The test was devised by artificial intelligence experts at Stanford to measure computers’ growing reading abilities.
The test was devised by artificial intelligence experts at Stanford to measure computers’ growing reading abilities.

Artificial intelligence programs built by Alibaba and Microsoft have beaten humans on a Stanford University reading comprehension test.

“This is the first time that a machine has outperformed humans on such a test,” Alibaba said in a statement Monday, CNN reported.

The test was devised by artificial intelligence experts at Stanford to measure computers’ growing reading abilities. Alibaba’s software was the first to beat the human score.

Luo Si, the chief scientist of natural language processing at the Chinese company’s AI research group, called the milestone “a great honor,” but also acknowledged that it will likely lead to a significant number of workers losing their jobs to machines.

The technology “can be gradually applied to numerous applications such as customer service, museum tutorials and online responses to medical inquiries from patients, decreasing the need for human input in an unprecedented way,” Si said in a statement.

Alibaba has already put the technology to work on Singles Day, the world’s biggest shopping bonanza, by using computers to answer a large number of customer service questions.
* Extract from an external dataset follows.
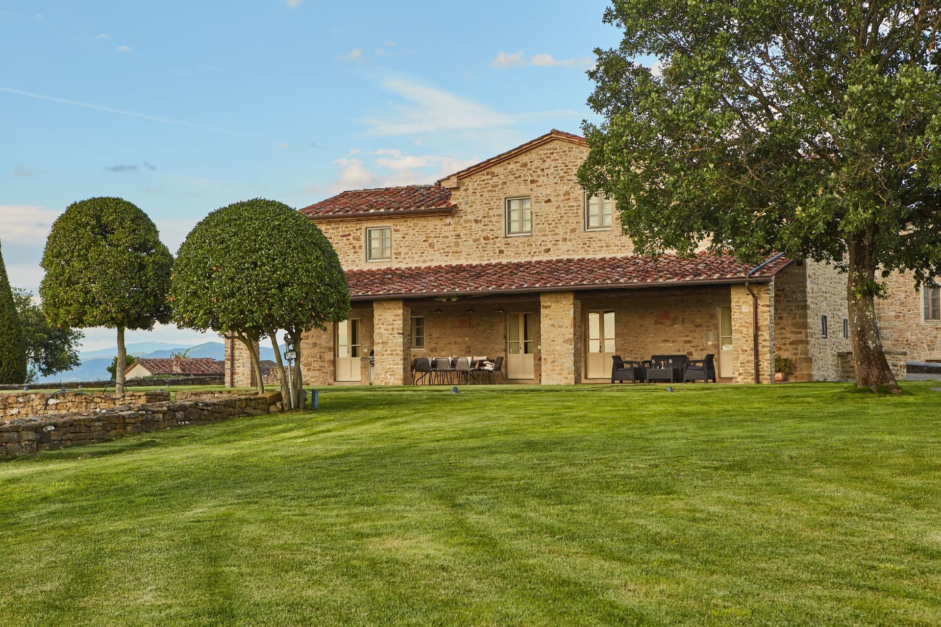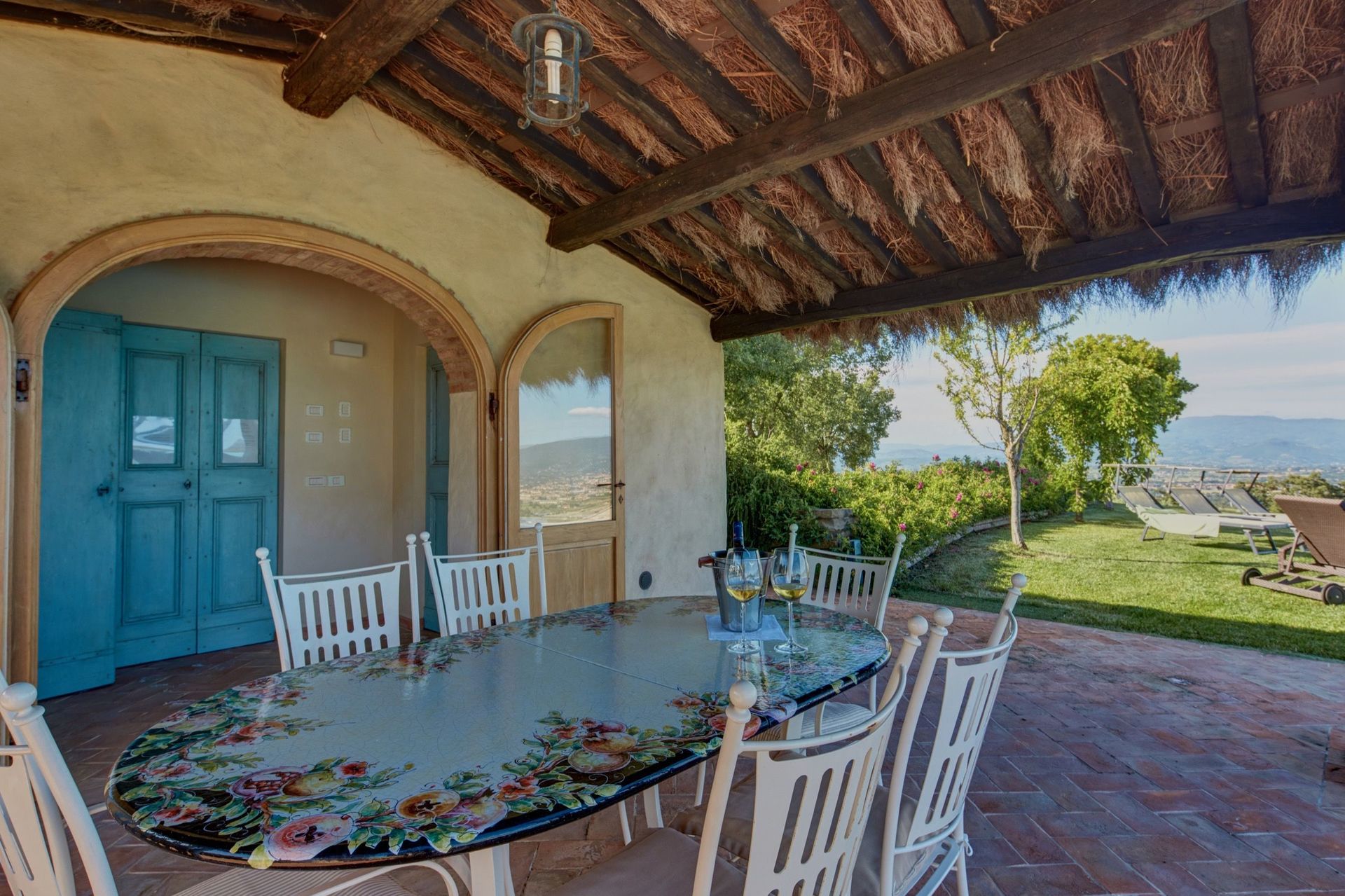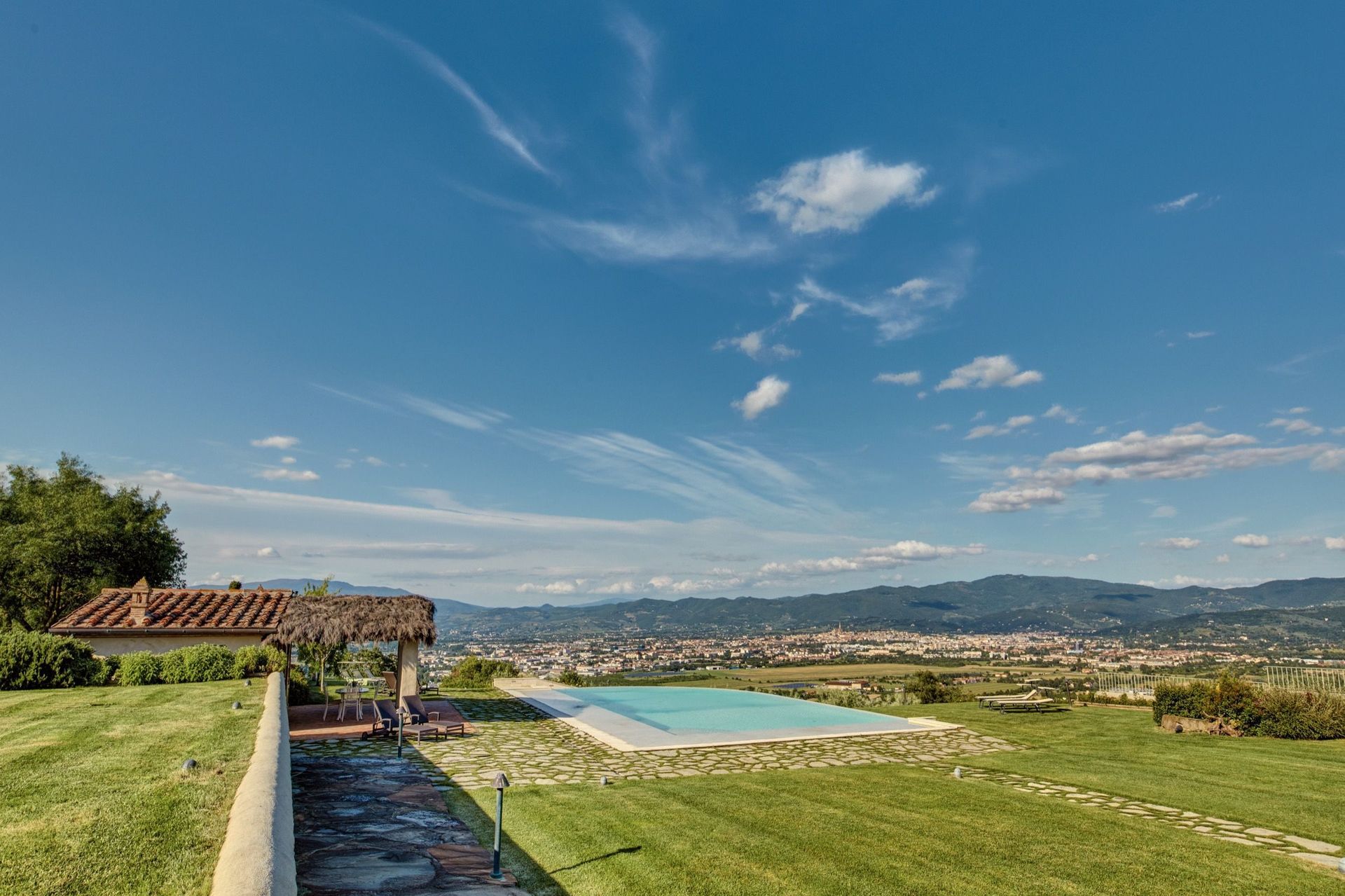 Beautiful, recently restored villa situated on a hill top overlooking the city of Arezzo and the Chiana valley. This property is entirely fenced in and comprises the owners’ house and a charming small church dating back to the 7th century. Outside guests can enjoy use of a large, well-groomed garden with a beautiful, private swimming-pool set in panoramic location. The villa was divided into 4 apartments which are connected internally and are rentable only together as a private accommodation. The interiors are welcoming and tastefully furnished. On the ground floor there is a large, furnished portico ideal for al-fresco dining.

The Stanford test generates questions about a set of Wikipedia articles. For example, a human or AI program reads a passage about the history of British TV show Doctor Who and then answers questions about the show.

Alibaba’s deep neural network model scored 82.44 on the test on January 11, narrowly beating the 82.304 scored by the human participants. A day later, Microsoft’s AI software also beat the human score, with a result of 82.650.

Artificial intelligence is already causing disruption in industries around the world -- replacing warehouse workers with robots, operating self-driving cars and even helping farmers grow better crops.

Russian President Vladimir Putin predicted in September that whoever becomes the leader in artificial intelligence “will become the ruler of the world.” China is making a big push to be a dominant force.